Not that the writer eclipsed the academic. Call it an amalgamation. I began to ask my science fiction students to do the variations, as well as write their own story at term’s end. It was a small step to open that door even wider. The Parable of You has three of those early stories: “The Interview,” “The Minkfarm,” and “Borges, A Reading.” A few years later I found myself writing a story which became Chapter One of my first novel, Adventures in the Fur Trade, which has never been published, but came close. My third novel, written in the early 90s, is, with small changes, Abraham Lincoln, A Novel Life, which was published by Ooligan Press in 2004. As of now, I’ve completed fourteen novels, all of which I enjoyed writing. The three Lincoln novels ended up being published with Ooligan, though they were written about seven years apart.
Dan DeWeese: One of the things I admire about you is your openness about your process, and the joy you take in the simple act of writing. I know plenty of writers—and maybe everyone is like this, to a great or lesser extent—who, if they wrote a novel and it wasn’t formally published, would feel maybe they shouldn’t think about that project anymore. One of the reasons I asked to see your stories was that I knew, from talking with you over the years, that you have all sorts of material, published and unpublished, and you maintain an enthusiasm and interest in all of it.
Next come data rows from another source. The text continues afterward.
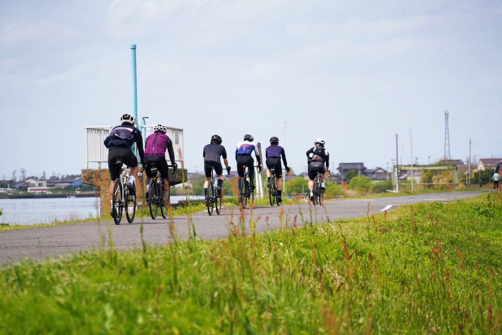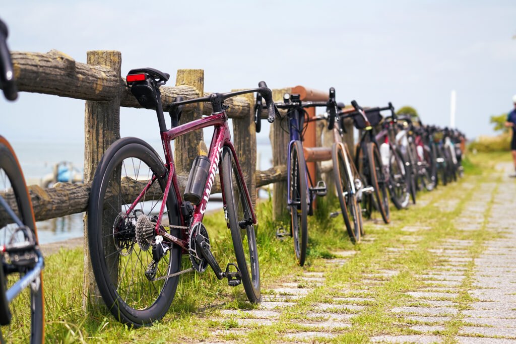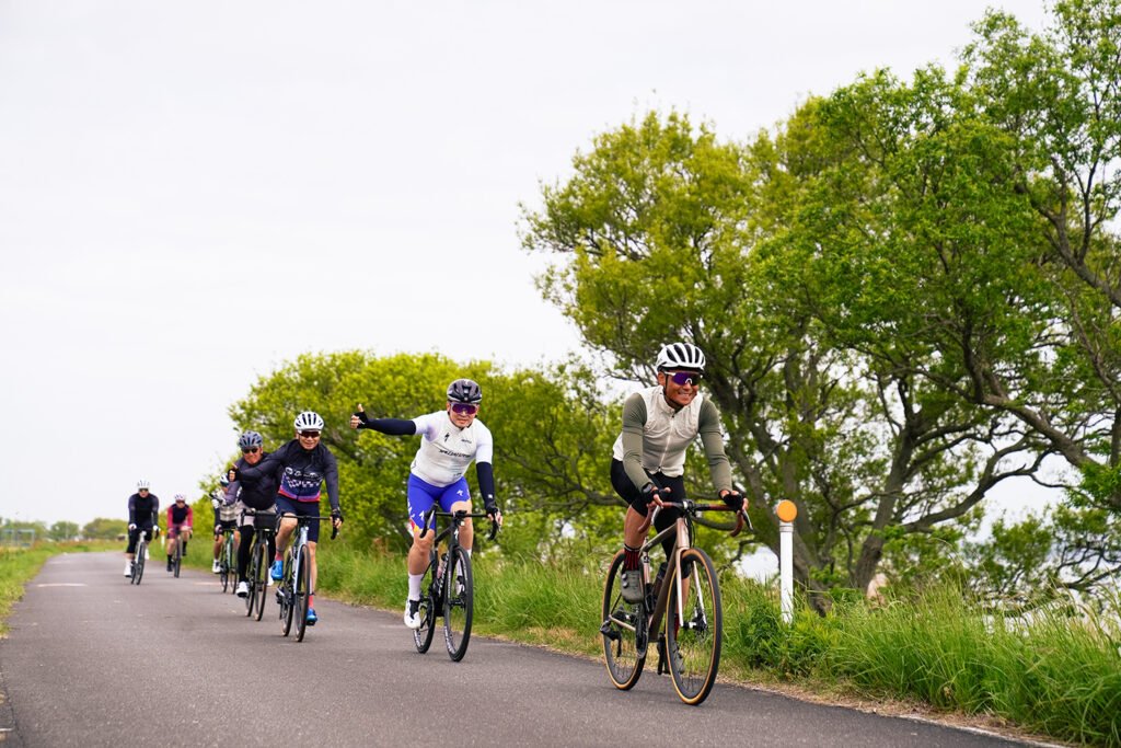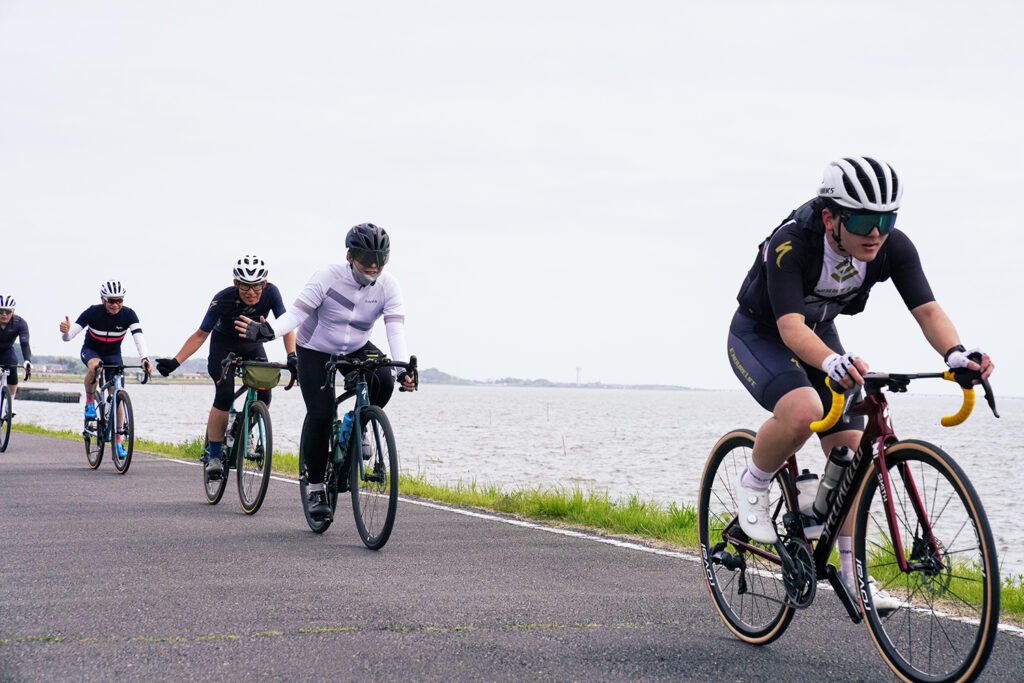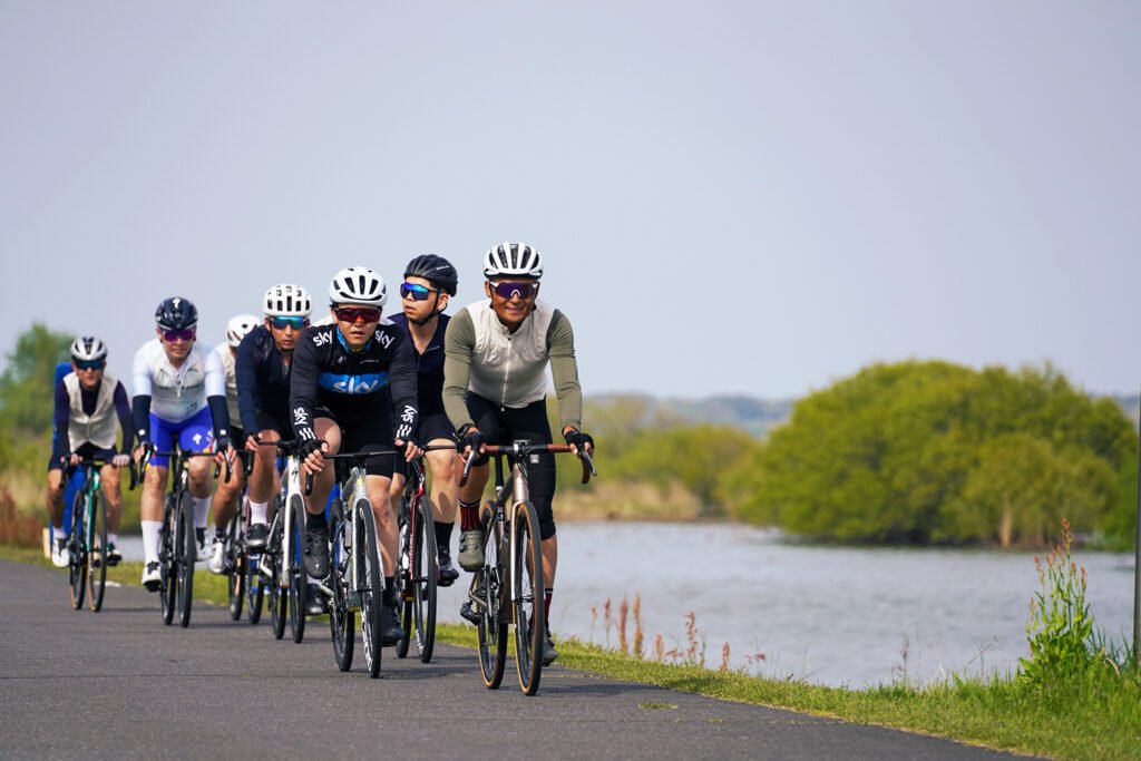 湖畔の平坦で走りやすいルートを、参加者全員の足並みを揃えて心地よいペースで進みます。「無理をせず、安心・安全に」がS-Clubのモットー。一人で走るストイックなライドも良いですが、仲間と励まし合いながら全員が無事にフィニッシュした時の満足感は、何物にも代えがたいものです。
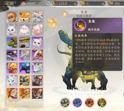 它的攻击上是遇弱则强,有一个天赋,如果对面的敌人在血量比较少的情况下,饕餮有机会可以一击即中,在上面一招将对面的敌人击败,就算是精英怪,对面的血量少于四分之一的时候也可以一击结束战局,这个技能可以说是一个保命技能了。
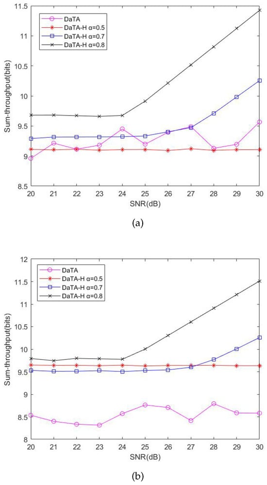 Comparisons of the network sum-throughput of the DaTA-H scheme with different . (a) The general scenario. (b) The special scenario.
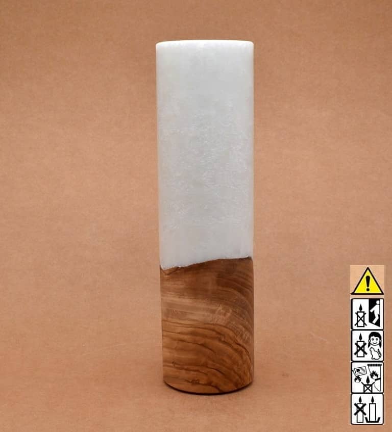 Runde Kerze in Stearinoptik 70 x 250 mm mit Holz und mit Teelichteinsatz.
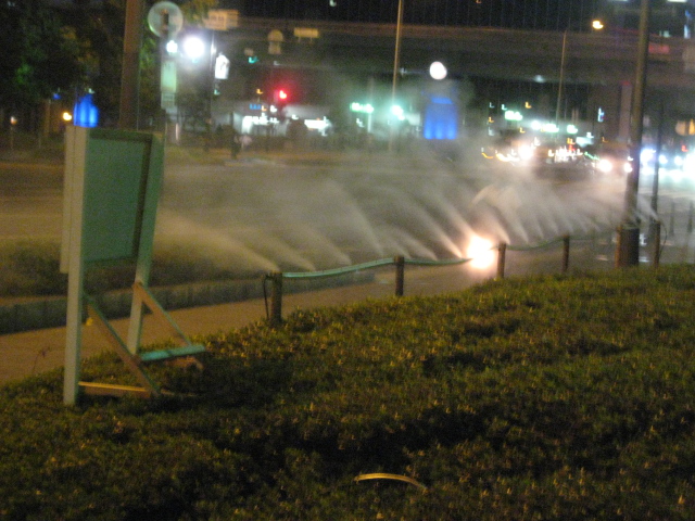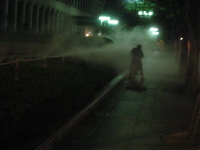 今日は阿倍野の児童画教室が終わってから 梅田に出ました。 友達といろいろ長話 すでに日は落ち、歩いて淀屋橋へ 大阪市庁の前に ニュースで見た 霧吹き!? 涼しい?というより 雨に濡れたような感じ 自転車で通り過ぎる人 急いで通り過ぎる人とt 止まって浴びる人? 対象的でした。 こんなサービス 夜もやってるんですね。 経費削減 が叫ばれる中 ちょっと ほっとできました(^^)
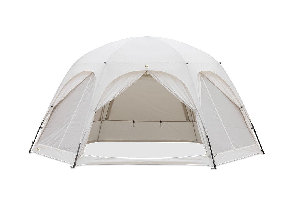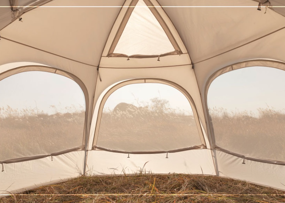 Combines a stable 3-pole hexagonal structure with triangular sky-view ventilation and elegant curtain doors in warm beige for a secure yet poetic atmosphere.
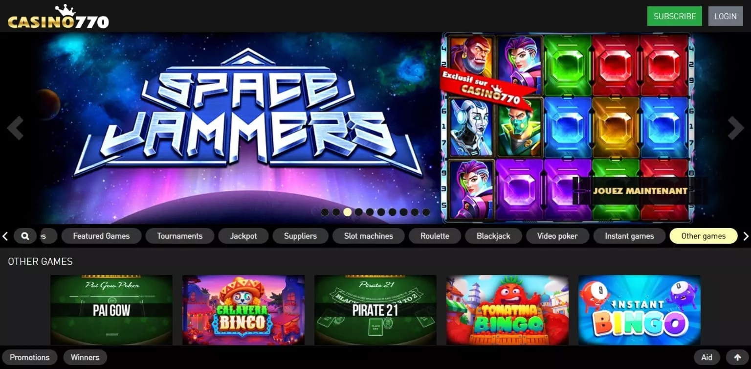 Сasino 770 est une institution active dans le domaine des jeux de casino en ligne et fait partie des principaux acteurs de ce secteur depuis plus de 10 ans. Le site propose depuis des années une technologie de pointe et un style de jeu innovant, ce qui lui a permis de gagner en popularité et en réputation sur le marché européen réglementé. L’offre de jeux en constante augmentation attire de nombreuses personnes: que ce soit la roulette, le poker, le blackjack ou les machines à sous, Casino770 en ligne propose plus de 350 jeux, ce qui explique sa popularité.
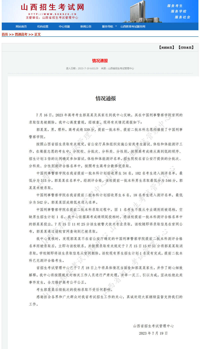 中新网7月19日电 据山西招生考试网消息,山西省招生考试管理中心19日发布情况通报称,7月16日,2023年高考考生郭某某及其家长到该中心反映,其在中国刑事警察学院官网的录取信息被删除。该中心高度重视,经核查,有关情况如下:
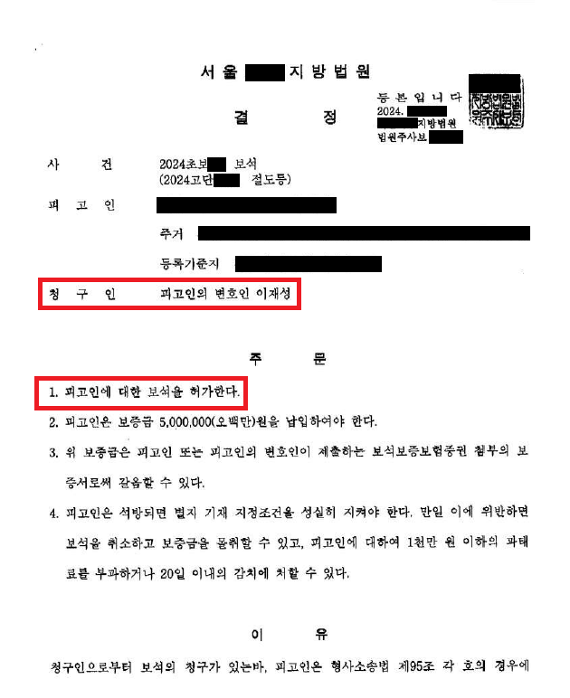 해당 재판부는 저의 주장을 면밀히 검토한 끝에, 보석허가청구서를 제출한 지 불과 하루 만에 보석을 허가하는 결정을 내렸습니다. 보석보증금을 납입한 의뢰인은 구치소에서 나와 가족의 품으로 돌아갈 수 있었고, 불구속 상태에서 남은 항소심 재판을 차분히 준비할 수 있게 되었습니다.
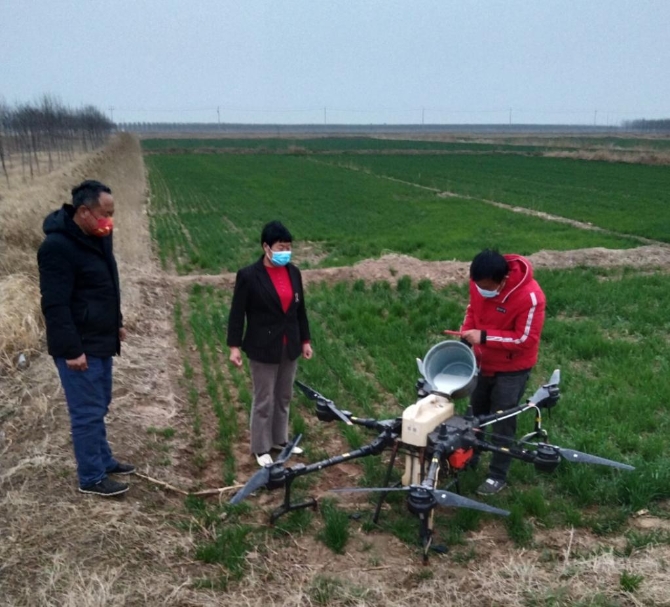 如何不耽誤農(nóng)時(shí),成了村里的大事。在北賈村,由村集體出資,雇無(wú)人機(jī)免費(fèi)為全村小麥統(tǒng)一噴灑農(nóng)藥,統(tǒng)一田間管理。
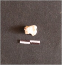 | Description / विवरण | The chalcedony piece has a negative bulb of percussion and sharp edges with use-wear. |
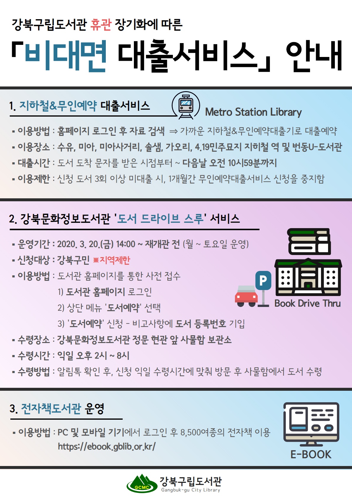 강북구립도서관 「비대면 대출서비스」 안내
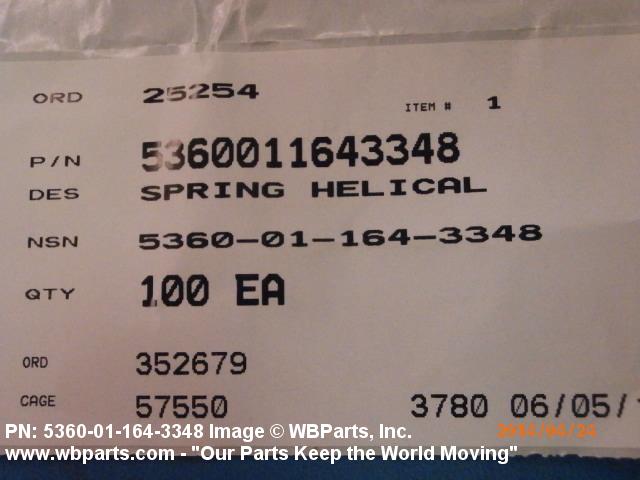 5360-01-164-3348 An open-or close-coiled spring, wound in various forms and from different shapes and types of materials and finished at the ends, so designed to provide resistance to pulling forces. The close-coiled springs may incorporate the special feature of initial tension created between the coils when wound so that an initial load must be applied to separate them. Excludes SPRING, REINFORCING, HOSE.20210050018Guns, through 30mm53600034Coil, Flat, Leaf, and Wire Springs
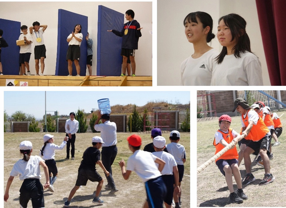最初は各校のダンスなどの発表があり、両国の食の交流(本校はカレーライスを準備)、その後グループにわかれドッジボールや福笑いなどの活動を楽しみました。
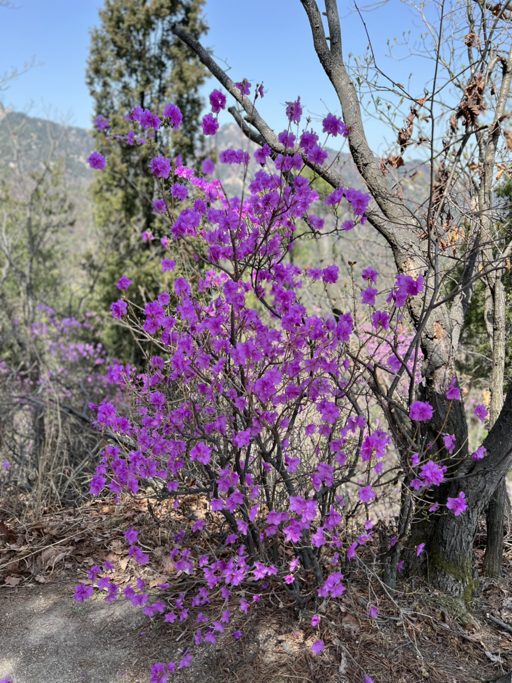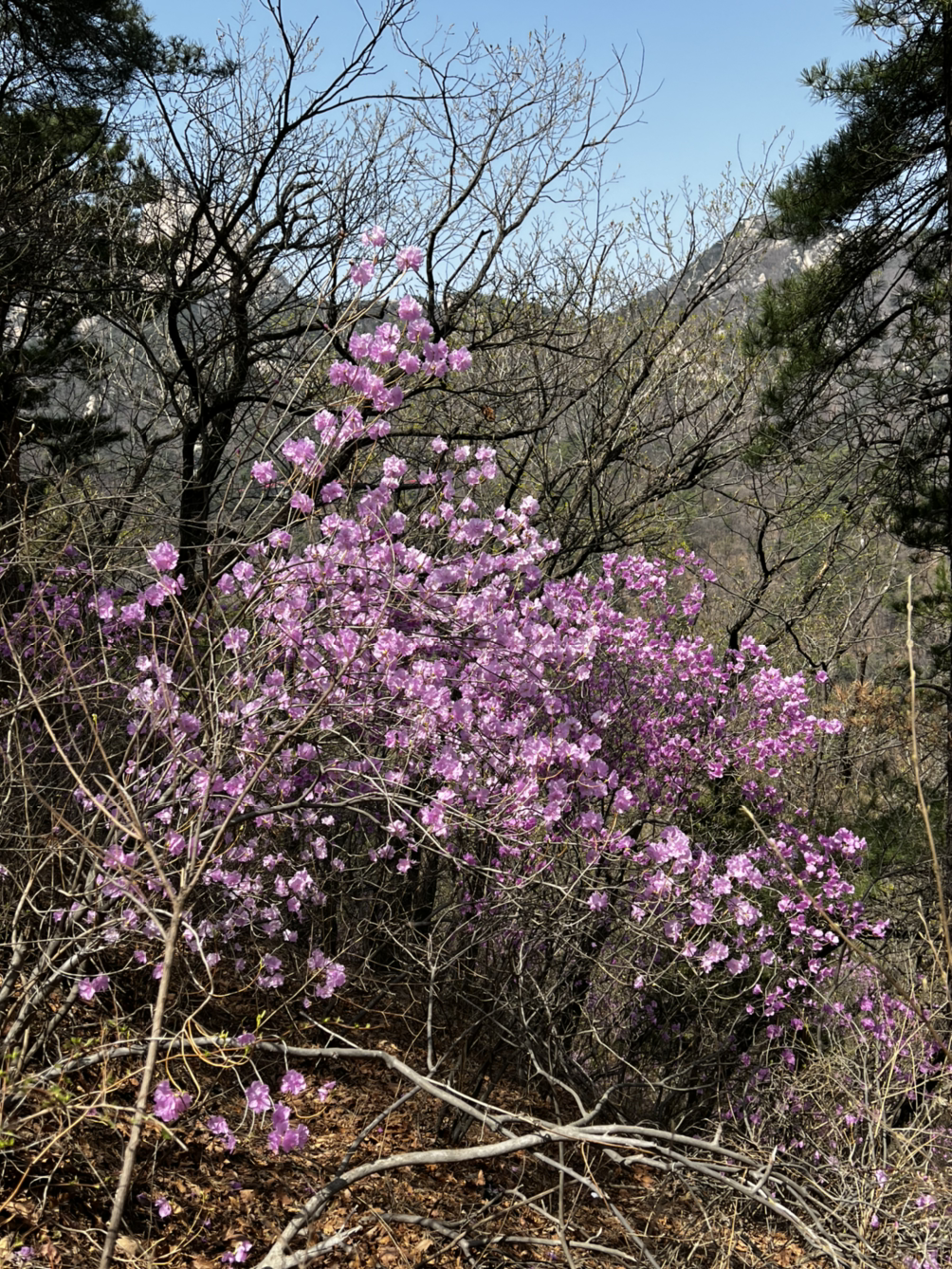 능선 길에 이르자 등산로 양쪽으로 진달래꽃이 우리를 반겼다. 등산로 아래쪽으로도 연분홍 진달래가 언뜻 거리는 것이 한복 입은 새 각시가 양팔로 치마를 살짝 들 때 보이는 뽀얀 발목을 훔쳐보는 것 같다. 눈에 비친 색감을 핸드폰으로 담으려 했지만 산 아래 핀 꽃까지 담지 못한다. 스마트폰 화질이 뛰어나다 하더라도 인간의 망막 앞에서는 새 발의 피다.

You’re very committed to the dailiness of writing, and of enjoying it.
Tony Wolk: William Stafford says, “For a real writer there are three main ways: morning, afternoon, evening.” That’s from Crossing Unmarked Snow: Further Views on the Writer’s Vocation. Stafford did that every day for fifty years. It helps that I write along with my students in writing response groups, which may meet twice a week or every other week or both. My rule is: I can’t show up without having written. It may be well past midnight when I read and responded to the last student paper, and I still haven’t written. Fair enough—take a shower, hope for a couple of lines. Then write. It may be a notion for a story. Often it leads to the next scene from whichever novel I’m working on. I don’t have the leisure to say I don’t know what to write. William Stafford again to the rescue: Just lower your standards. Do I regret not writing for those in-between years, 1958-1975, grad student years, early teaching years? Depends what you mean by writing. I wrote a zillion words in the margins of student papers, I wrote academic articles where I allowed myself to play with words á la Wittgenstein, even to fantasize a linguistics professor who becomes enraged at the American Heritage Dictionary and its Usage Panel—that was in 1969. At the end of the article he’s wearing a strait-jacket and howling like a coyote as he’s dragged along a hospital corridor. Years later, Richard Ohmann told me how the editors at College English themselves were howling as they read it aloud—alas, they asked me to tone it down. No, I don’t regret that I didn’t carry on. What I celebrate is that at a later age, my late 70s, I’m still writing and teaching. It’s all been grist for the mill.